The Continuous Simulink blocks State-Space, Transfer Fcn, and Zero-Pole are not supported and not stubbable for range analysis. For more information on blocks that are supported for range analysis, see Supported and Unsupported Simulink Blocks.

Compatibility Considerations

If you have a model that contains one or more continuous State-Space, Transfer Fcn, or Zero-Pole blocks, your model is incompatible with range analysis. Consider analyzing smaller portions of your model to work around this incompatibility.

Enhanced fiaccel support for int64 and uint64 functions

The fiaccel function now supports int64 and uint64 with fi inputs.

Support for LCC compiler on Microsoft Windows (64-bit) machines

If you are using Microsoft Windows (64-bit), LCC-64 is now available as the default compiler. You no longer have to install a separate compiler to perform fixed-point acceleration using fiaccel.

Warning for use of inexact fi and fimath property names

All fi and fimath property names are case sensitive and require that you use the full property names. Effective R2013b, if you use inexact property names, Fixed-Point Designer generates a warning.

Compatibility Considerations

To avoid seeing warnings for fi and fimath properties, update your code so that it uses the full names and correct cases of all these properties. The full names and correct cases of the properties appear when you display a fi or fimath object on the MATLAB command line.

Conversion of numeric variables into Simulink.Parameter objects

You can now convert a numeric variable into a Simulink.Parameter object using a single step.

myVar = 5; % Define numerical variable in base workspace
myObject = Simulink.Parameter(myVar); % Create data object and assign variable value to data object value

Previously, you did this conversion using two steps.

myVar = 5; % Define numerical variable in base workspace
myObject = Simulink.Parameter; % Create data object
myObject.Value = myVar; % Assign variable value to data object value

Fixed-point conversion test file coverage results

The MATLAB Coder Fixed-Point Conversion tool now provides test file coverage results.
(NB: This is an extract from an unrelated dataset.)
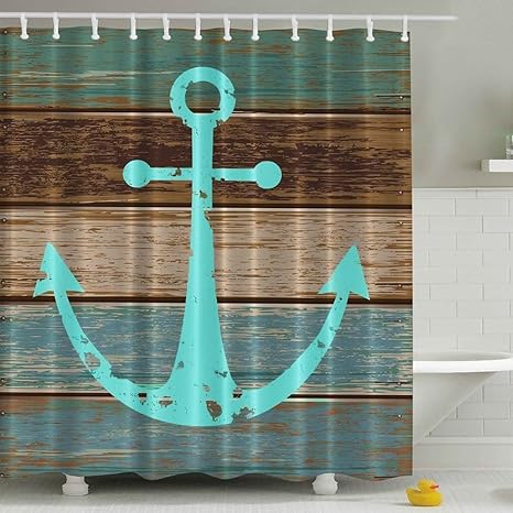 Wasserdicht Maritim Anker Rustikal Holz Polyester Duschvorhang 180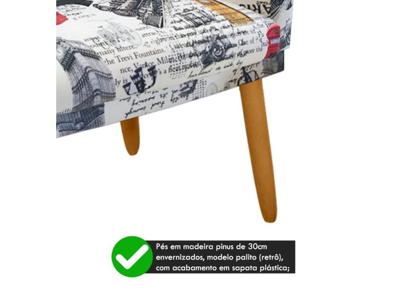 Poltrona Nina para Atendimento Pés Madeira Rodapé Paris

After simulating your design using a test file, the tool provides an indication of how often the code is executed. If you run multiple test files at once, the tool provides the cumulative coverage. This information helps you determine the completeness of your test files and verify that they are exercising the full operating range of your algorithm. The completeness of the test file directly affects the quality of the proposed fixed-point types.

This capability requires a MATLAB Coder license.

For more information, see Code Coverage.

Fixed-point conversion workflow supports designs that use enumerated types

Using the Fixed-Point Conversion tool in MATLAB Coder projects, you can now propose data types for enumerated data types using derived and simulation ranges.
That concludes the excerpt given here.